Data in this exercise Block Start

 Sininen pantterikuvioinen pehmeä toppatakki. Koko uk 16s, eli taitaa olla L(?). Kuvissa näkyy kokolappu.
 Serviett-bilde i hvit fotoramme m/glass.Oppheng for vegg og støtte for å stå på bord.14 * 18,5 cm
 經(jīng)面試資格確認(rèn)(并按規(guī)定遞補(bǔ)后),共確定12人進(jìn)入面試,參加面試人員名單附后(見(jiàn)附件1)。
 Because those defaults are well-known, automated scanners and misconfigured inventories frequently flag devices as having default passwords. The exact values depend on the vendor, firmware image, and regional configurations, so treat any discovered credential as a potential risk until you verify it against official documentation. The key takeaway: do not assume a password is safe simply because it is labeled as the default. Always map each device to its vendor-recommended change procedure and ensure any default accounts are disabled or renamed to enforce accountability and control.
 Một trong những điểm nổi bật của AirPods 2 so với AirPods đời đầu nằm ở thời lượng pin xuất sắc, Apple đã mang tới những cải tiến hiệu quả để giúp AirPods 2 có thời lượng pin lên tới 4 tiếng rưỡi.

Data in this exercise Block End
Data in this exercise Block Start

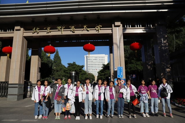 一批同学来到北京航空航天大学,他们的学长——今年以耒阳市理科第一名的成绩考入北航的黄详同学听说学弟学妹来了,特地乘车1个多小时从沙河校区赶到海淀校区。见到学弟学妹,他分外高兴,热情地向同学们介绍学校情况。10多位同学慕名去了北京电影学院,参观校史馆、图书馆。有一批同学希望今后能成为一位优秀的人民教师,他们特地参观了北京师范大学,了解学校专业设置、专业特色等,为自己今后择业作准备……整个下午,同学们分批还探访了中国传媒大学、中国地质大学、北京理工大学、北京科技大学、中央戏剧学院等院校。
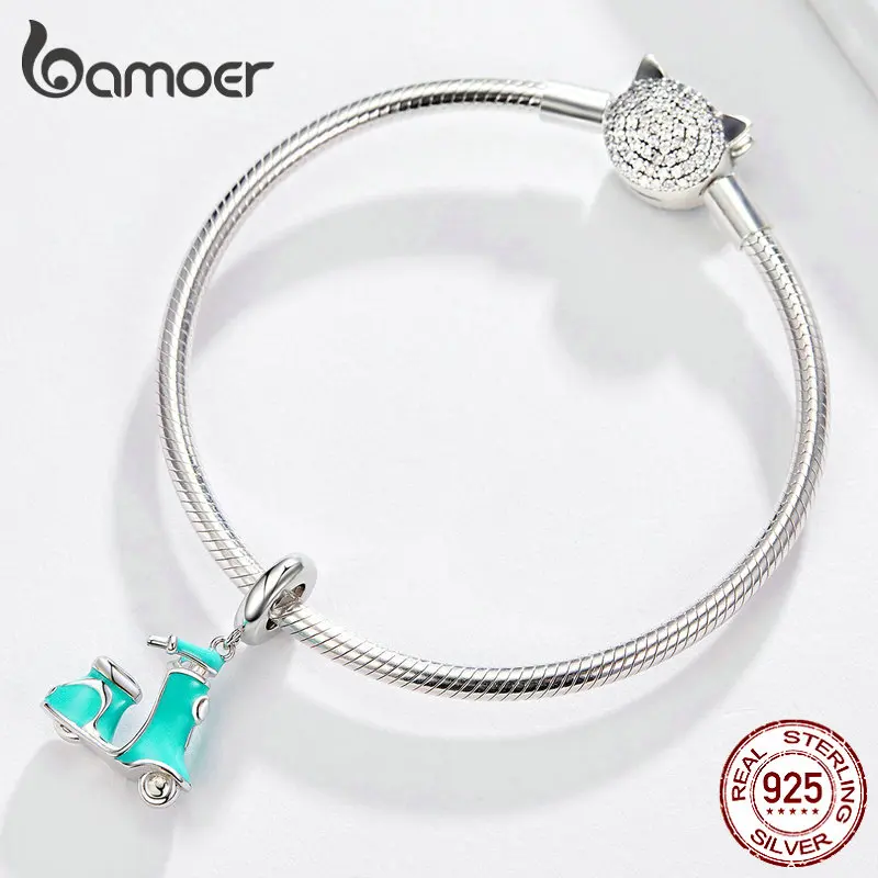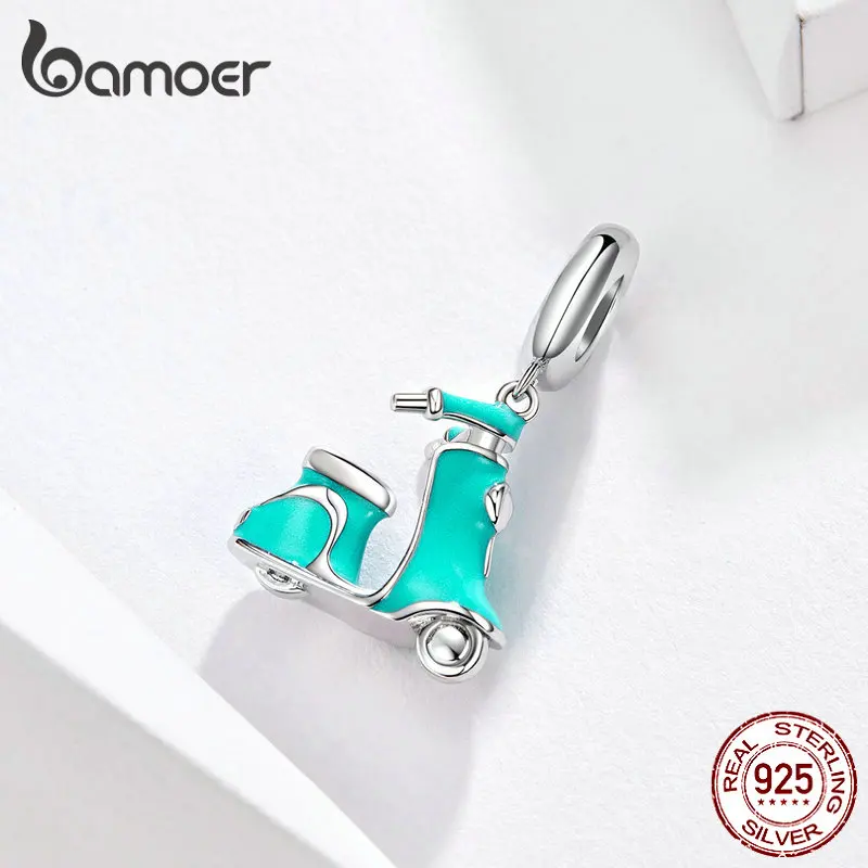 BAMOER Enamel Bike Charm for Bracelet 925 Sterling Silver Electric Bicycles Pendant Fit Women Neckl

Data in this exercise Block End

*Exercise details*:
Print the lines above from the one with "Sininen pantterikuvioinen pehmeä" through the one with "經(jīng)面試資格確認(rèn)(并", both included, exactly as written and nothing more.

*Exercise output*:
 Sininen pantterikuvioinen pehmeä toppatakki. Koko uk 16s, eli taitaa olla L(?). Kuvissa näkyy kokolappu.
 Serviett-bilde i hvit fotoramme m/glass.Oppheng for vegg og støtte for å stå på bord.14 * 18,5 cm
 經(jīng)面試資格確認(rèn)(并按規(guī)定遞補(bǔ)后),共確定12人進(jìn)入面試,參加面試人員名單附后(見(jiàn)附件1)。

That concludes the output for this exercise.